Quarta-feira à noite Lisboa parecia abandonada. Por
quê? Por causa das "férias". Mais precisamente
do feriado (quinta-feira), da "ponte" (sexta-feira),
do fim-de-semana e da tradicional tolerância de
segunda-feira. Não sei quanto tempo de trabalho se
perdeu (milhões de horas, com certeza), por causa de
um calendário religioso que já ninguém respeita e já
ninguém sabe sequer o que significa. Tudo serve para
as pessoas se precipitarem para longe do lugar onde
trabalham e vivem. Em muitas regiões do país, a taxa
de ocupação de hotéis passou os 90 por cento; no
Algarve (apesar do frio e da ameaça de chuva) chegou
quase aos 100 por cento. Até a serra da Estrela
está, por assim dizer, "cheia". A Madeira também.
Nem o Alqueva (para passeios de barco) escapou. E
parece que não há um lugar numa única pousada.
Isto em Portugal. Dezenas de milhares de portugueses
foram quatro ou cinco dias para o estrangeiro. A
maioria (estranhamente) para o Brasil e (compreensivelmente)

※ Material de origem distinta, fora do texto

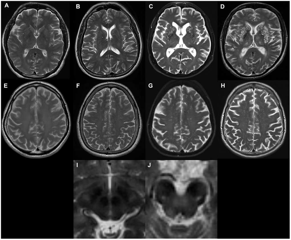 EPVS were defined as fluid-filled spaces with a signal intensity similar to CSF on all sequences, which followed the course of penetrating vessels, and were linear, round, or ovoid in shape. Following the STandards for ReportIng Vascular changes on nEuroimaging (STRIVE) [1], two trained neurologists (L.Y.G. and J.T. with 2-years and 9-years of experience, respectively), who were blinded to subject’s clinical information, manually counted the numbers of EPVS independently. According to well-established PVS rating criteria [43], EPVS were rated using a 4-point visual rating scale on axial-T2 weighted images (0: no EPVS; 1: <10 EPVS; 2: 11–20 EPVS; 3: 21–40 EPVS; and 4: >40 EPVS) for the CSO and BG. Midbrain EPVS were rated in a binary fashion (0 for no EPVS, 1 for EPVS visible). EPVS rating was carried out on the slice with the highest number of EPVS after all the relevant slices for each anatomic area were scanned. Both hemispheres were counted, and the hemisphere with the higher score was used if there was asymmetry between the sides [43]. 'Representative figures of EPVS rating are demonstrated in Figure 3. As a limited number of patients had EPVS scores of 0 or 4, CSO-EPVS scores were further categorized into low-grade (score ≤ 2) and high-grade (score ≥ 3) and BG-EPVS scores were categorized into low-grade (score ≤ 1) and high-grade (score ≥ 2) for illustrative purposes. These categorizations are demonstrated in the figures; however, statistical analysis was carried out using the original values. Discrepancies were solved by consensus. T2-weighted images acquired at baseline were preferentially rated. In a few cases when images were not acquired at baseline, images acquired at follow-up visits were rated. The inter-rater Cohen’s kappa scores were 0.63, 0.75, and 0.96 for the CSO, the BG and the midbrain EPVS scores, respectively. Major causes of discrepancies in EPVS scores included EPVS numbers at borderline, and vague lines.

para Espanha. O resto para a "Europa". Como quando
se vê o parque automóvel, em Lisboa ou na estrada
para o Algarve, uma pergunta vem sempre à cabeça:
onde arranja esta gente o dinheiro? Claro que os
voos são baratos, que se aproveitam os descontos da
"época baixa", que se fica em casa de família ou de
amigos, que se come mal e que se gasta pouco
(excepto provavelmente em compras). Mesmo assim não
se percebe uma capacidade de viajar tão inesperada e
maciça. E não acredito que, por subtil que seja a
ginástica financeira, a extravagância não se pague
caro (pelo menos, durante um tempo) em desequilíbrio
financeiro e privações que doem.
Aeconomia continua semiestagnada; os salários reais
descem (ou não aumentam); e sobem impostos de vária
ordem, a taxa de juro, o desemprego. Pior ainda, o
endividamento das famílias (tirando a Holanda) é o
maior da "Europa" (88,4 por cento do PIB) e a
poupança baixíssima. O país que freneticamente
desandou para se divertir nestas férias que o Estado
resolveu inventar é pobre, não tem um tostão de
reserva na gaveta e tem à porta uma bicha de
credores. Como se explica esta radical
irracionalidade? Só partindo do princípio que os
portugueses não acreditam e não se interessam pelo
futuro. Aprenderam com a experiência que o futuro
não traz nada de bom e vivem hoje como se o mundo
acabasse amanhã. O eng. Sócrates não lhes deu
qualquer razão para pensar o contrário.